COPII vesicles contribute to autophagosomal membranes

Abstract

A hallmark of autophagy is the de novo formation of double-membrane vesicles called autophagosomes, which sequester various cellular constituents for degradation in lysosomes or vacuoles. The membrane dynamics underlying the biogenesis of autophagosomes, including the origin of the autophagosomal membrane, are still elusive. Although previous studies suggested that COPII vesicles are closely associated with autophagosome biogenesis, it remains unclear whether these vesicles serve as a source of the autophagosomal membrane. Using a recently developed COPII vesicle-labeling system in fluorescence and immunoelectron microscopy in the budding yeast Saccharomyces cerevisiae, we show that the transmembrane cargo Axl2 is loaded into COPII vesicles in the ER. Axl2 is then transferred to autophagosome intermediates, ultimately becoming part of autophagosomal membranes. This study provides a definitive answer to a long-standing, fundamental question regarding the mechanisms of autophagosome formation by implicating COPII vesicles as a membrane source for autophagosomes.

Figure 1.

The COPII transmembrane cargo Axl2 is transferred from the ER to Atg8-positive structures. (A) Schematic diagram of the method for intense labeling of COPII vesicles. (B) sec12^ts SSA1pro-AXL2-GFP cells were grown at 23°C, incubated at 37°C for 1 h, and then incubated at 23°C in the presence of rapamycin. After a 2-h incubation, the cells were observed under a fluorescence microscope. Scale bars, 5 µm. (C) sec12^ts SSA1pro-AXL2-GFP cells were incubated at 37°C for 1 h and then treated with rapamycin at 23°C for 30 min, followed by fluorescence microscopy. Arrowheads show mCherry-Atg8 puncta positive for Axl2-GFP. Scale bars, 5 µm. The graph shows the proportion of mCherry-Atg8 puncta that were positive for Axl2-GFP. Values are means ± SD (n = 3). ***, P < 0.001 (unpaired two-tailed t test).

Figure 2.

COPII vesicles are recruited to forming autophagosomes. (A) Axl2 localization to Atg8 puncta in atg2Δ cells was examined as described in Fig. 1 C. Scale bars, 5 µm.

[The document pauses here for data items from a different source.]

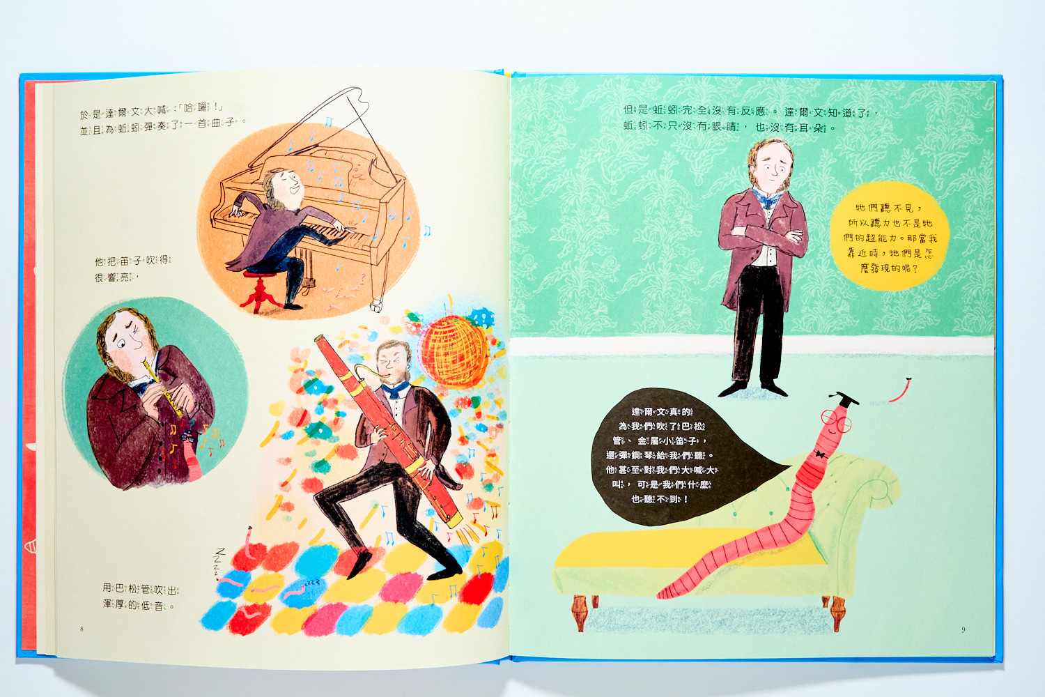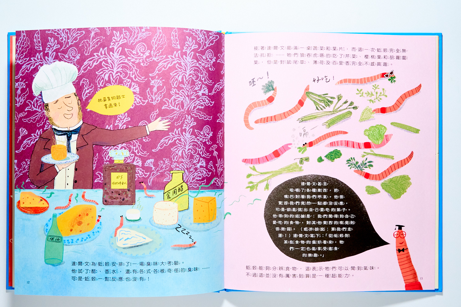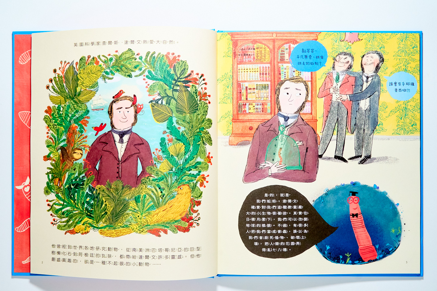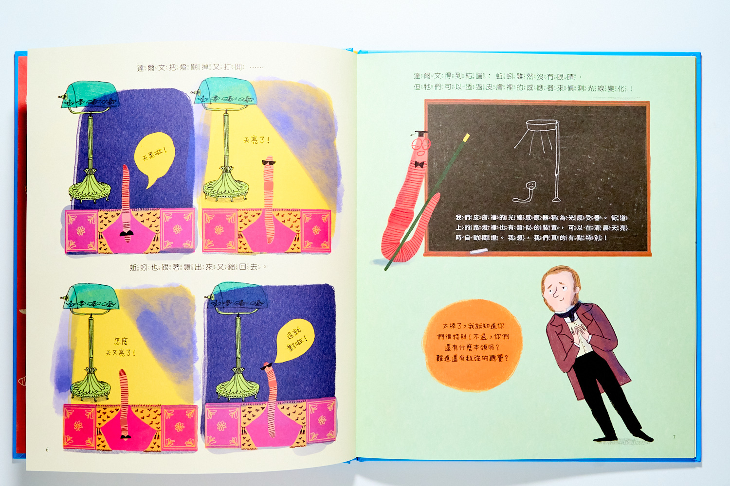 在那時候,大家對於這個藏在土裡、像蟲一樣的動物一點都不感興趣。但達爾文就是對這土裡的小動物非常著迷,於是你會在書裡看到許多達爾文像小孩子一樣研究的趣味畫面: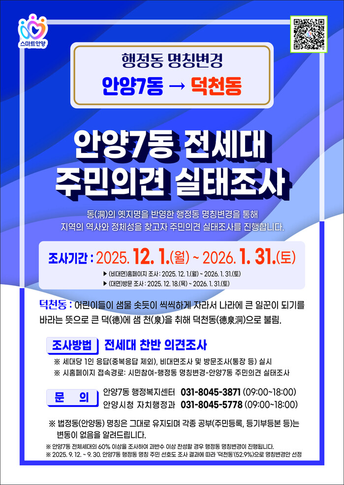 조사방법은 올해 12월 1일부터 2026년 1월 31일까지 시 홈페이지를 통해 비대면 조사를 진행하고, 12월 18일부터 2026년 1월 31일까지 안양7동 행정동명칭변경추진위원회가 각 세대 방문조사를 병행하게 된다.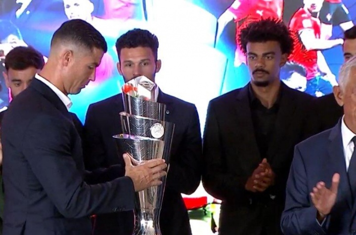 C罗与国家队成员一同出席并默哀致敬。期间,C罗拥抱了若塔的父亲以表达慰问。他还代表葡萄牙队展示了欧国联冠军奖杯,将这一集体荣誉献给若塔,以此铭记他为国家作出的卓越贡献。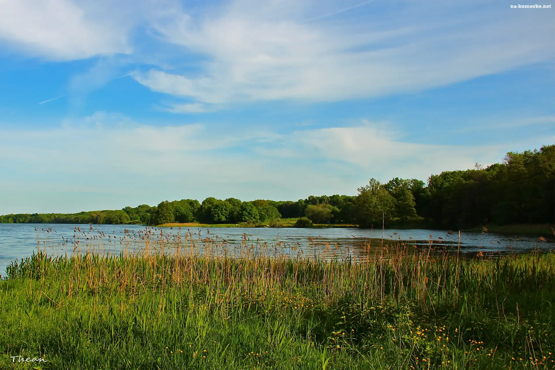 Jezioro, Drzewa, Łąka, Niebo na Komórkę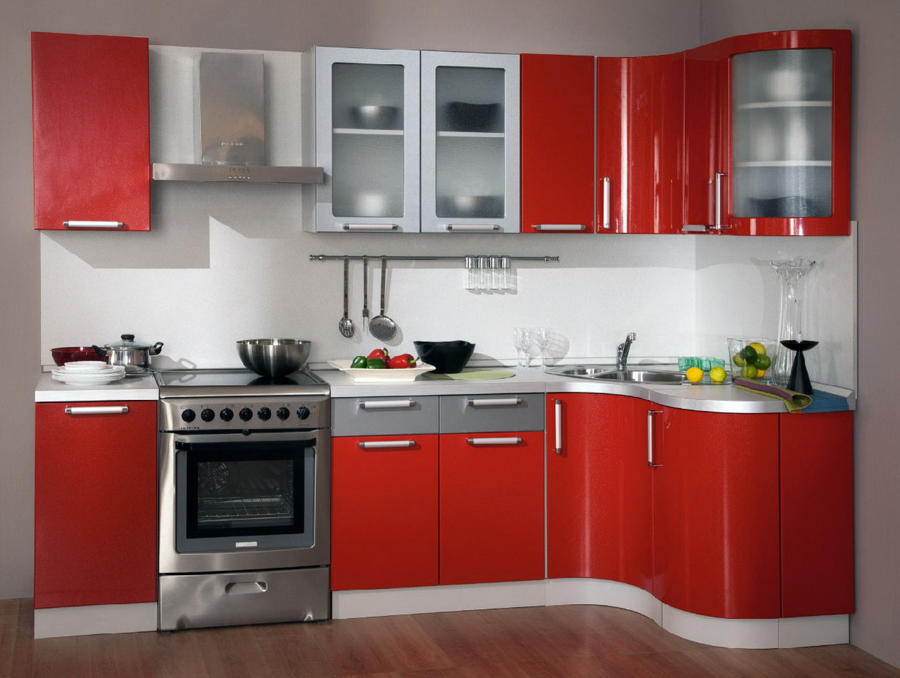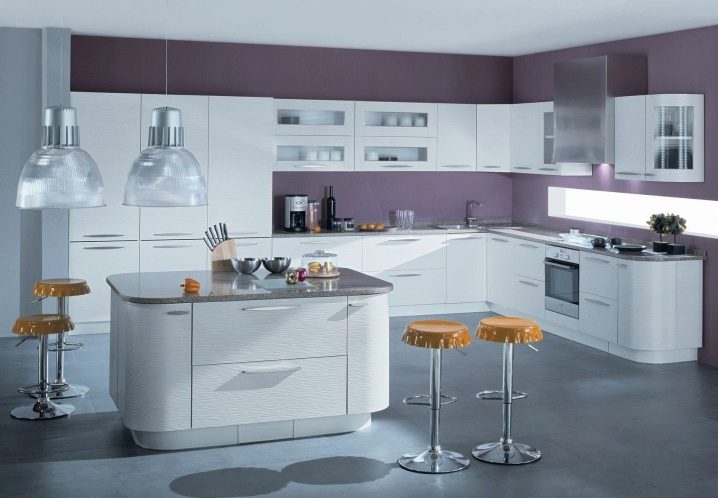 The radial hinged case has the form rounded inside. This option can decorate and make a more comfortable kitchen of any size. Making curved radius facades has only one drawback - high cost.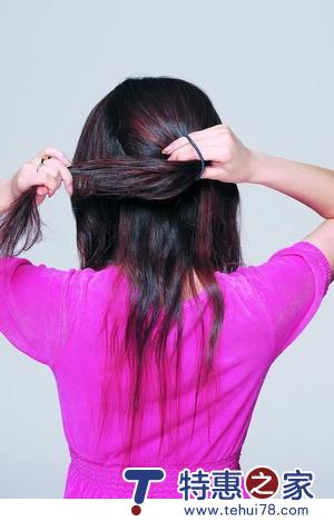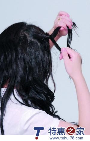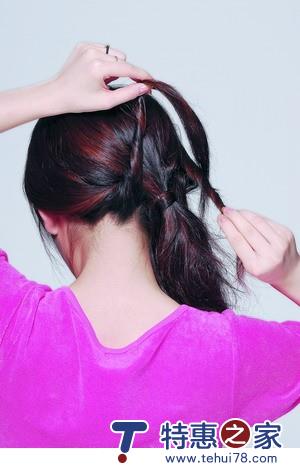 2.留出的头发,除了在耳后继续留出一缕,其余的如图分成两股,每一股都向里绕转,然后交叉缠绕在歪马尾扎皮筋的地方,把发梢儿塞到皮筋里固定。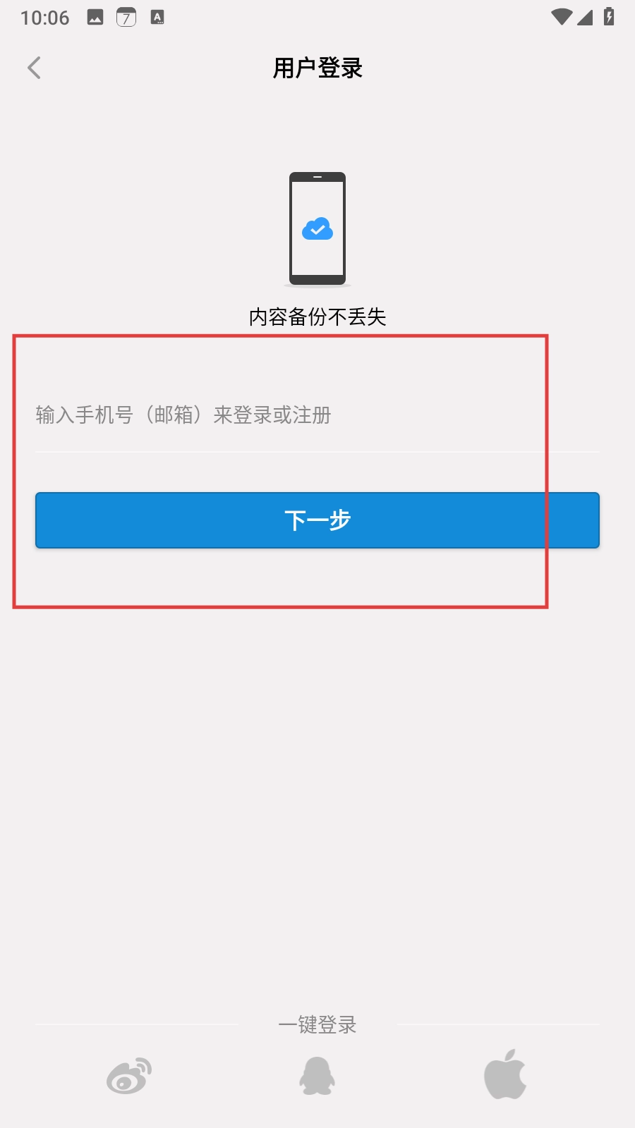 3、在用户登录界面,输入手机号(邮箱)后点击【下一步】,可进行登录或注册流程。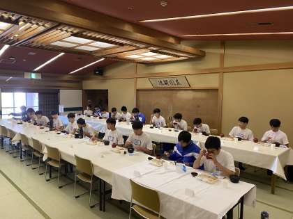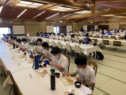 朝食の時間です。1日のエネルギーを蓄えましょう!メニューについて説明をしていただきました!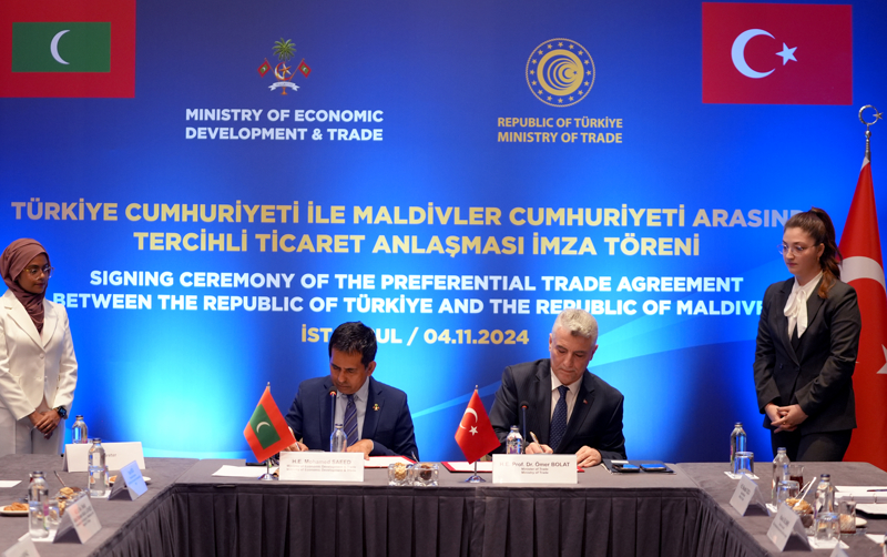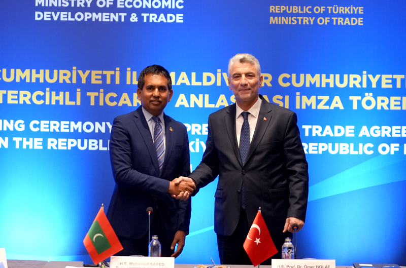 Türkiye ile Maldivler arasında Tercihli Ticaret Anlaşması, Ticaret Bakanı Bolat ve Maldivler Ekonomik Kalkınma ve Ticaret Bakanı Muhammed Saeed tarafından İstanbul'da imzalandı.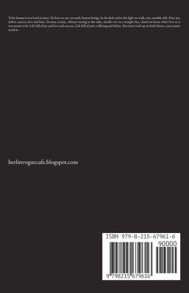 To be human is too hard at times. Yet here we are, on earth, human beings. In the dark and in the light we walk, run, stumble, fall...Pain, joy, defeat, success, love and hate...Trauma, ecstasy...Always veering to the sides...hardly ever in a straight line...And you know what? It is as it was meant to be. Life full of joy and love and success...Life full of pain, suffering and defeat...You must wash up on both shores...you cannot avoid it...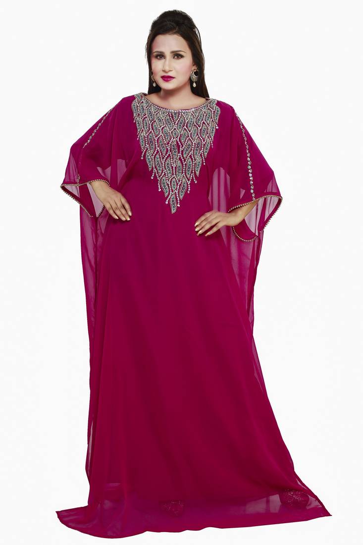 • Product Id : 2732083 • Package Details : 1 Kaftan • Type : Kaftans • Occasion : Party Wear • Fabric : Georgette • Work : Embroidered • Type : Zari Work • Look : Contemporary • Stitching : Stitched • Length : 60 • Width : Na • Height : Na Stitching [+]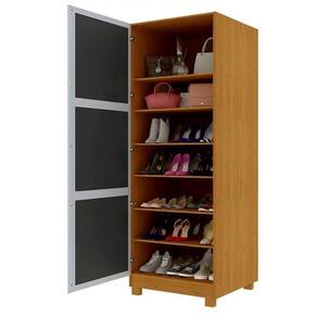 A Sapateira Gold vem para compor seu ambiente com estilo e praticidade, comportando seis prateleiras para melhor acomodação dos calçados, puxador perfil de aço e linda porta de espelho com três lâminas que confere maior beleza a peça, ela é a peça ideal para quem precisa otimizar espaço e ter um ambiente organizado.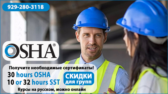 Advertising Space 3 | OSHA Получите необходимые сертификаты! 30 hours OSHA 10 or 32 hours SST Скидки для групп Курсы на русском, можно онлайн +1 (929)280-3118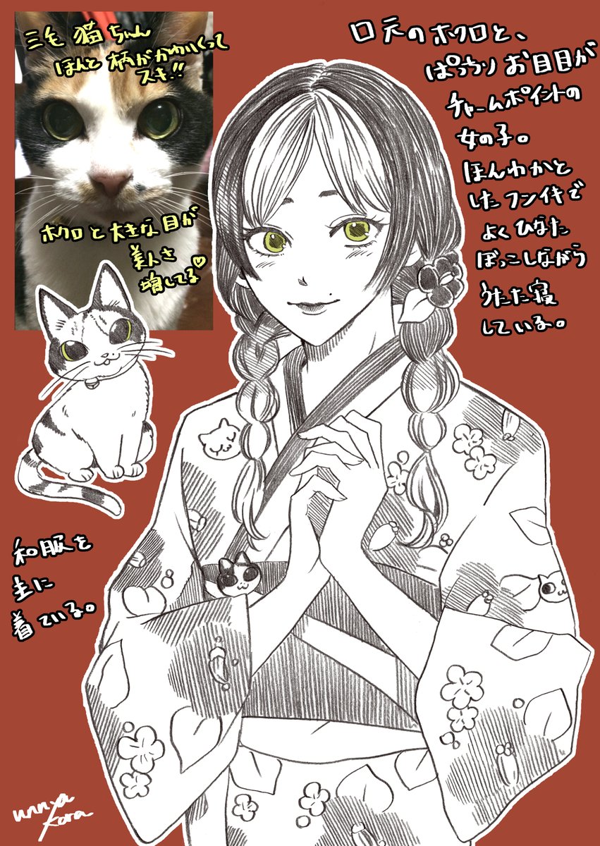 #フォロワーさんのペット擬人化お絵描きチャレンジ @yu____cco105 おまたせしました!可愛い猫さん擬人化予想描かせて頂きました! 猫ちゃんでは紅一点です!三毛猫大好きなのでウハウハと和服おさげ女子に仕上げました🐈✨気に入ってくれると嬉しいです。 リクありがとうございました~😊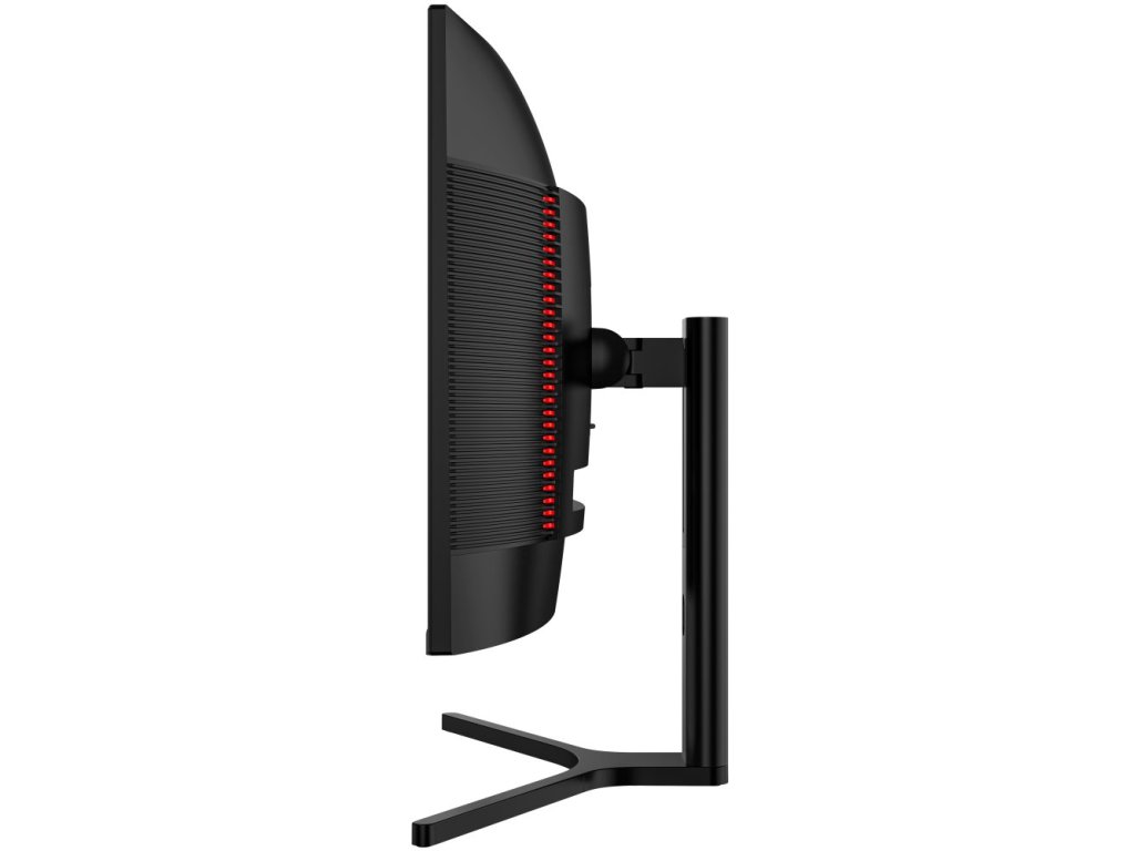 Stojan monitoru umožňuje výškové nastavení v rozsahu 100 mm, náklon -5° až +15° a otáčení -35° až +35°, což zajišťuje optimální nastavení pro každého uživatele. Elegantní černý design s barevným podsvícením zadního krytu dodává hernímu setupu stylový vzhled.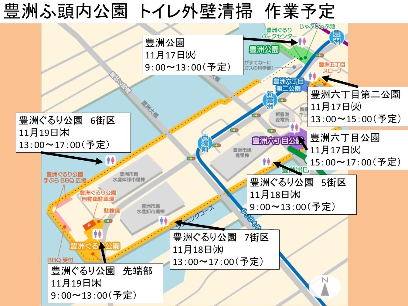 お知らせ 2020年11月10日(火) <作業のご案内>トイレ外壁清掃に伴う一部立ち入り禁止のご案内 Tweet 日頃より、豊洲ふ頭内公園をご利用頂き誠にありがとうございます。 この度、以下の日程で園内トイレの外壁清掃を実施することとなりました。 11月17日㈫-19日㈭ 9:00-17:00(予定) ※公園毎に2~4時間程度、作業予定 外壁清掃作業に伴い、作業の状況に応じて一部立ち入り禁止となりますので、 公園の利用をご検討される際は予めご了承頂きますようお願い申し上げます。 ご不便をおかけしますが何卒ご協力の程よろしくお願い致します。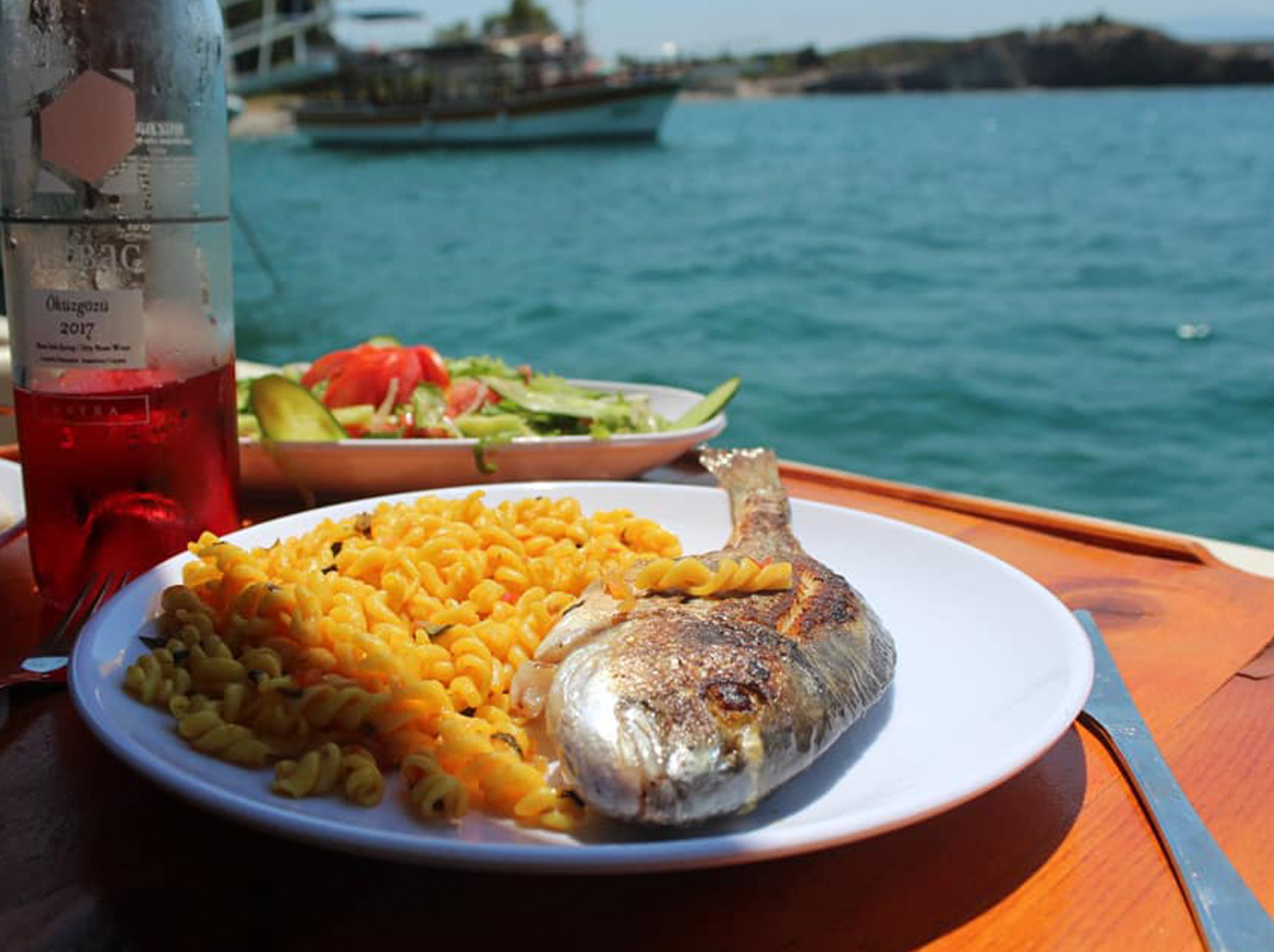 İlk durağımız Akdeniz foklarının yaşam alanı olan Siren kayalıklarını gezip Kosava plajına varıyoruz. Öğlen yemeğimizi burada alıyoruz. Menüde günlük taze ızgara çipura ve soslu makarnamız eşliğinde mevsim salatamız bulunmakta.

Values in the graph are means ± SD (n = 3). ***, P < 0.001 (unpaired two-tailed t test). (B) sec12^ts SSA1pro-AXL2-GFP cells overexpressing Ape1 were incubated at 37°C for 1 h, transferred to nitrogen-starvation medium at 23°C for 1 h, and then observed by fluorescence microscopy. Arrowheads show an Axl2-GFP punctum on an isolation membrane visualized with mCherry-Atg8. Scale bars, 5 µm. The graph shows the proportion of Atg8-positive isolation membranes that colocalized with Axl2-GFP. Values are means ± SD (n = 3). ***, P < 0.001 (unpaired two-tailed t test). (C–E) sec12^ts SSA1pro-AXL2-GFP ypt7Δ cells were incubated at 37°C for 1 h, transferred to nitrogen-starvation medium at 23°C for 2 h, and then observed by fluorescence microscopy. Arrowheads show Axl2-positive Atg8 puncta. Scale bars, 5 µm. The graphs show the proportion of mCherry-Atg8 puncta that colocalized with Axl2-GFP (D) and the number of Atg8 puncta per cell (E). Values represent means ± SD (n = 3). ***, P < 0.001 (unpaired two-tailed t test).

Figure 3.

COPII vesicles become part of autophagosomal membranes. (A–J) sec12^ts SSA1pro-AXL2-GFP ypt7Δ cells were incubated at 37°C for 1 h, and then autophagy was induced at 23°C by nitrogen starvation for 3 h, followed by immunoelectron microscopy using anti-GFP antibodies. Open arrowheads indicate autophagosomes, and closed arrowheads indicate GFP signals (gold particles). Scale bars: 500 nm (A), 200 nm (B–J). (K) At least 30 autophagosomes in ERV14 and erv14Δ cells were examined, and the proportion of autophagosomes that contained gold particles on their membranes is shown in the graph.